26 October 2022
A conversation between Maddie Exton and Samuel Vilanova
ME: It’s taken a long time to create all of the works in the show– how are you feeling?
SV: I’m feeling good and excited! I mean it’s a bit weird to have spent so much time with all these objects without knowing how it all was gonna come together in the space. But I think the result is quite close to the vision. So I’m just very happy to let them live a little by themselves.
ME: What drew you to ceramics?
SV: Well, it was all quite organic. I made a pair of socks out of clay at uni, just before lockdown, and from there it was like a whole new world of possibilities opened up. You can really do basically everything out of ceramics! And then I became an artist assistant working with ceramics and it just made me even more excited to try and apply what I was learning in the job in my own visual world. I also like the fact that they can be so fragile but at the same time so gravity defying.
ME: A lot of the works centre around gardening, where does this interest come from?
SV: I think I always had a very strong connection with the outdoor spaces within a house, they are somehow inside and outside. And I grew up always around the garden. When you guys invited me to do this show I was in Portugal at my grandma’s house, and it was very special to see how gardening for her is almost like journaling, like an act of self care, and I can see it in my parents too. I was also re-reading ´Modern Nature´, by Derek Jarman, and it just felt right to use the imaginary of the garden to explore a lot of the emotional thematics of the show.
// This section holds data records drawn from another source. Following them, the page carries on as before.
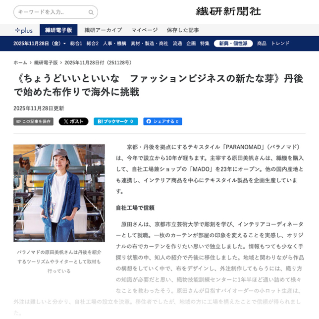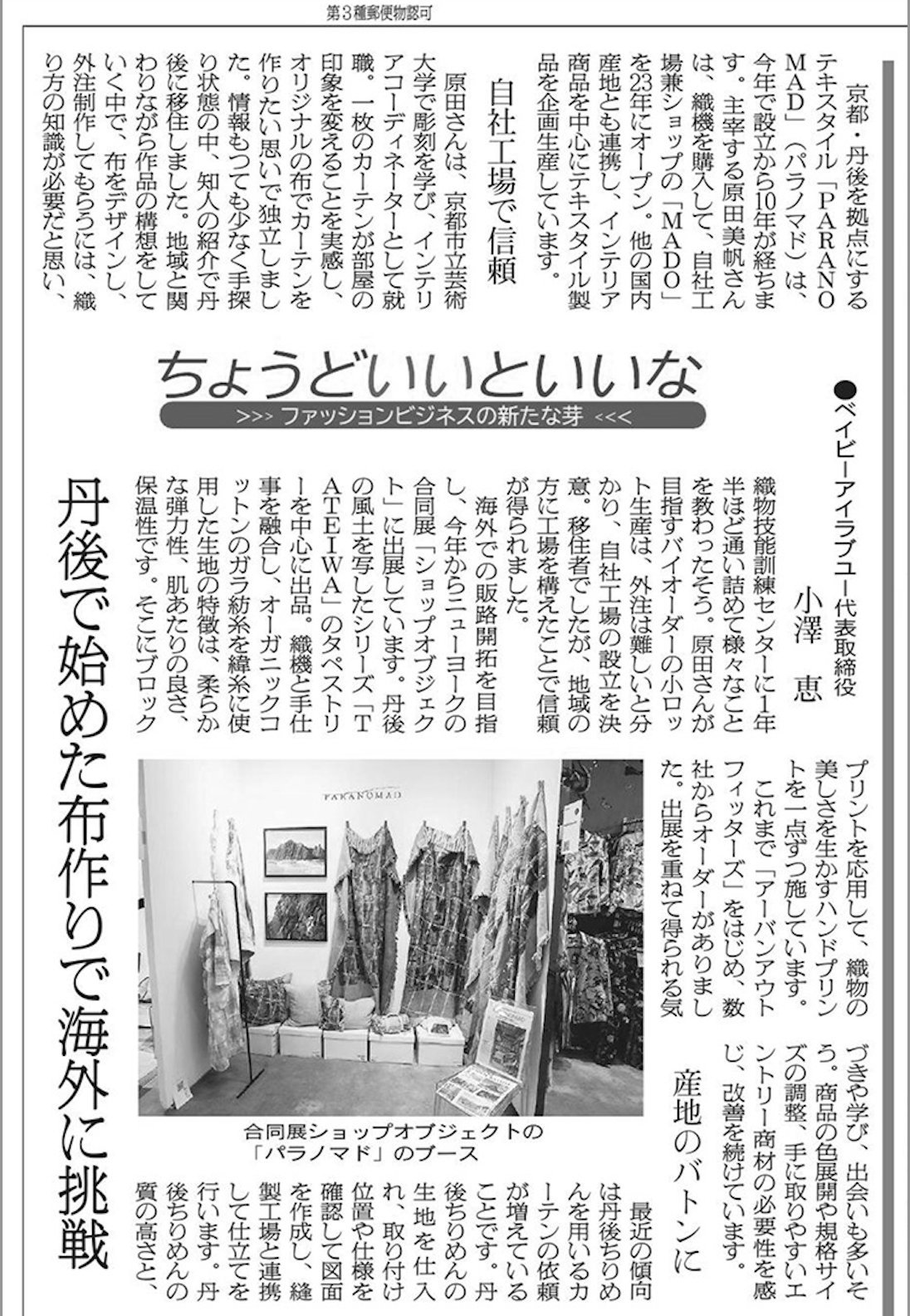 ファッションビジネス専門紙、繊研新聞「新興・個性派」コーナーに掲載。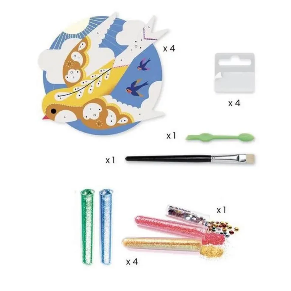 Découvrez les tableaux à pailleter avec strass de la marque Djeco dans une thème haut en couleurs avec ces oiseaux paradisiaques !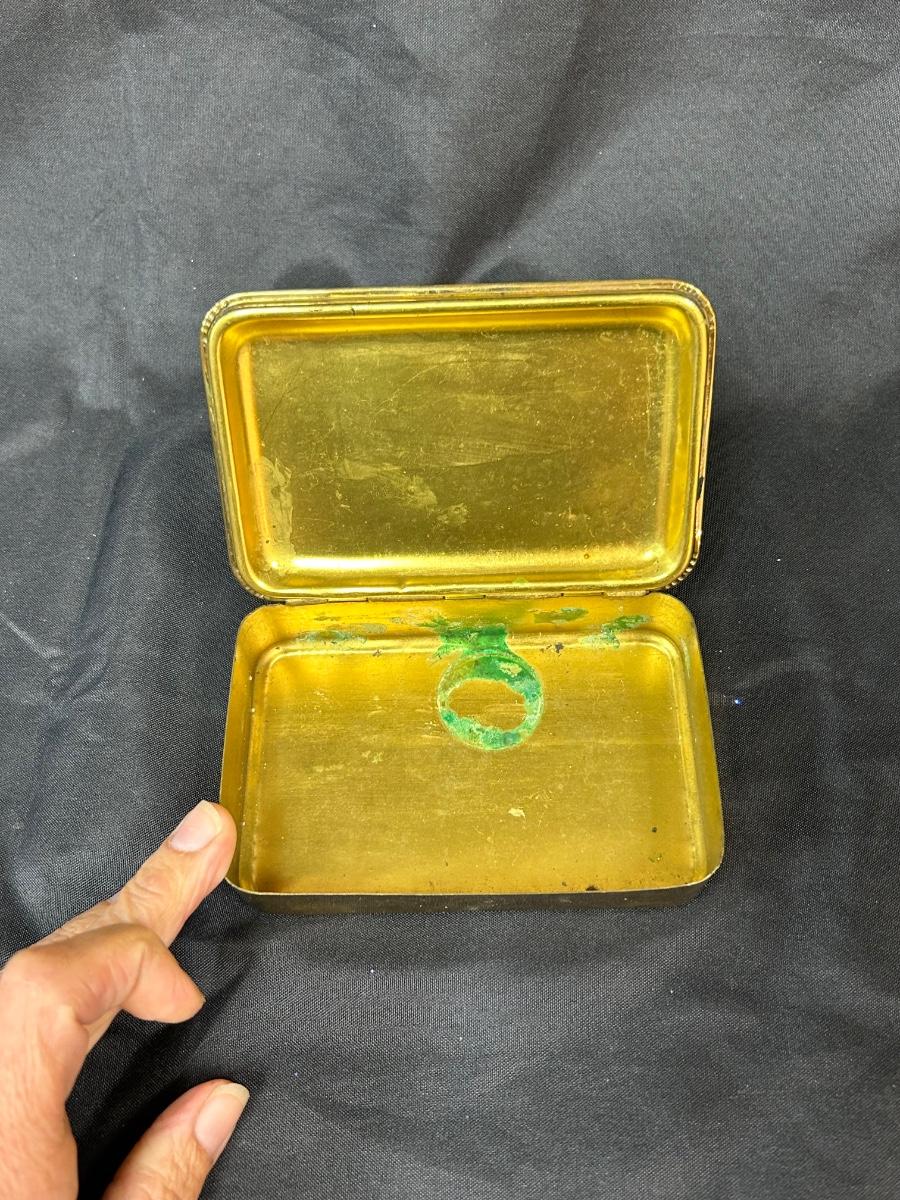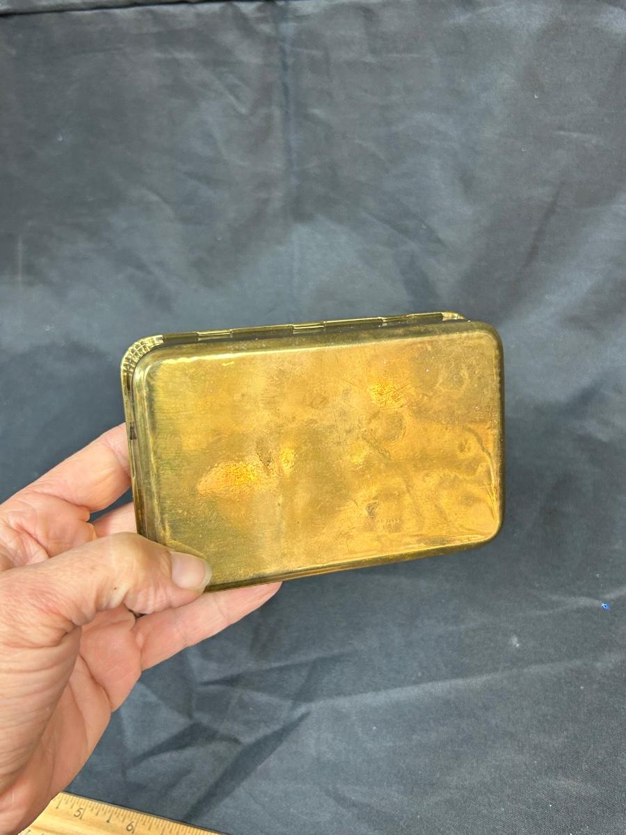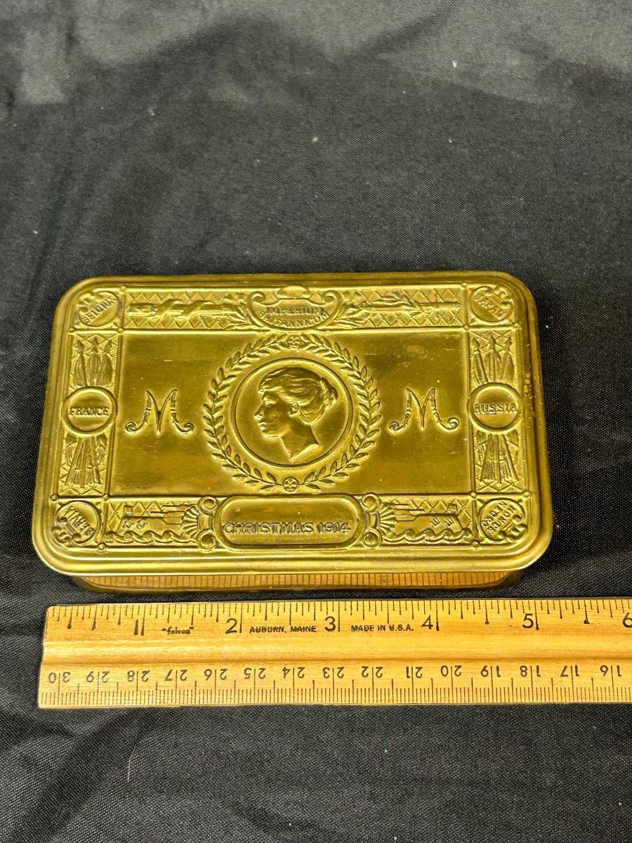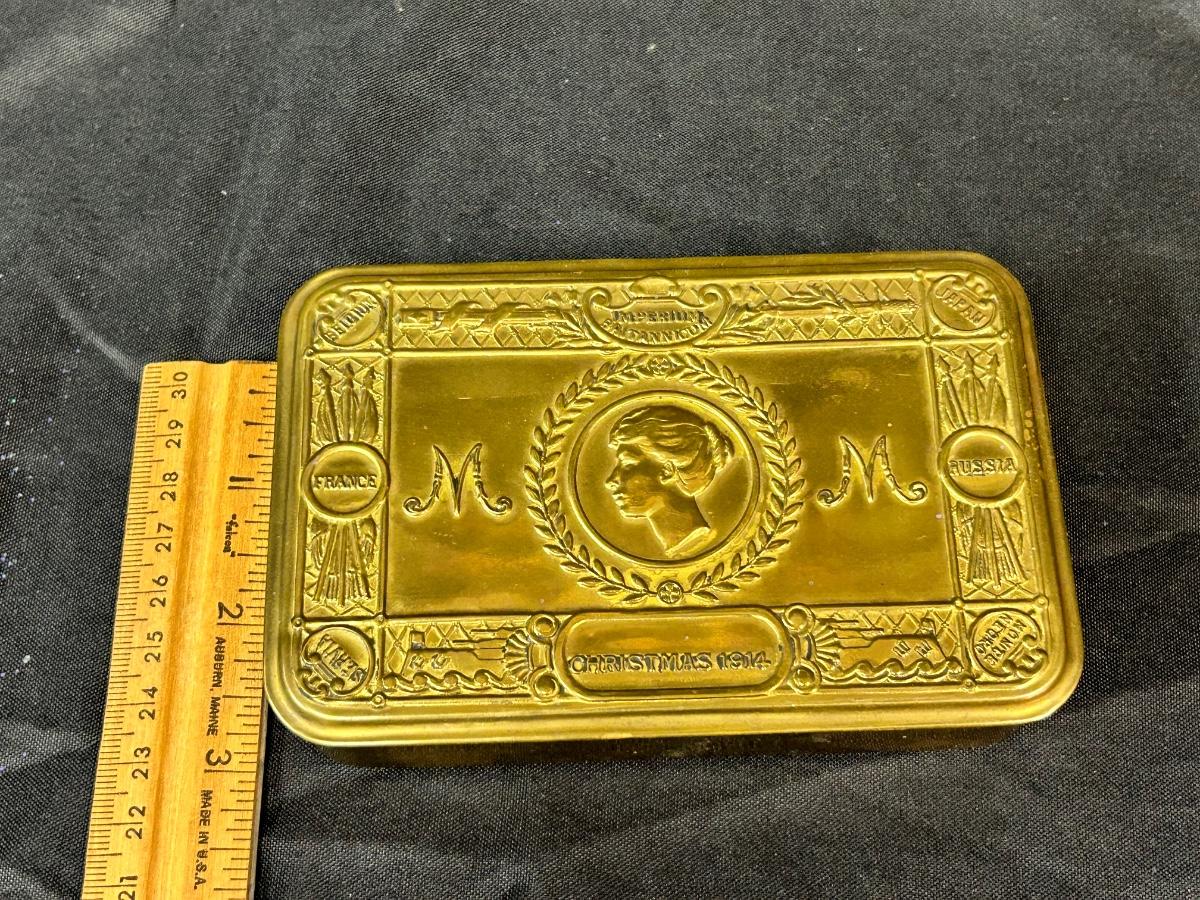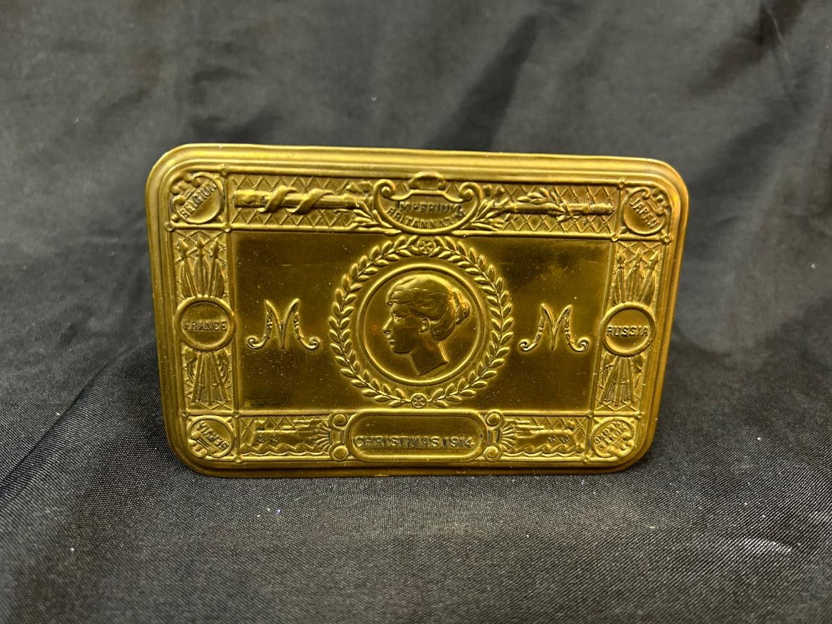 Vintage Embossed Brass Tone Collector Tin Christmas 1914. In good vintage condition. Not sure if it is original 1914 or reproduction. Hinged lid. About 5" size.

ME: You create personified, cartoonish and dreamy versions of real world objects. What interests you about alternative realities?
SV: Objects are around us all the time, and we use them and live with them, so I think it’s quite funny to imagine them with characteristics of their owners. Almost like reflections of who these people could be. And I think alternative realities are just the most amazing tool, to see reality outside of yourself. I think the reason why I create these realities is to better understand myself, or ourselves as beings in relation to the world and to everyday life.
ME: Can you tell us about the title of this show?
SV: So the title of the show came from quite a dark place, but I think it has a very positive connotation, especially after finishing making it. “Even when I leave, I’ll be rooted here” came from an obsession with the fear of dying, which is what some of the work in the show is about. Playing with the idea of the garden as somewhere where you pour your energy and emotions in, and where they linger there after you leave. And also from missing the place where I am from, realising that even though I left, I’ll always be from there. Basically that even when you physically leave, something bigger than physicality stays.
ME: You have set up the show to position some sculptures as obstacles. What is an obstacle?
SV: Yeah, I like that. Before the show I was actually thinking a lot about how obstacles can become kind of frames. Like how the bush hedge becomes the frame for the painting. And I think the floor sculptures become the same, depending on where you look from, these obstacles add to the wider landscape of the room and change it. So I kind of like that definition of the obstacle as a frame. And then there is obviously the more physical definition of an obstacle, and I like how these sculptures stop you from walking in a straight line, from the door to the back wall, and instead create loads of new paths to experience the show.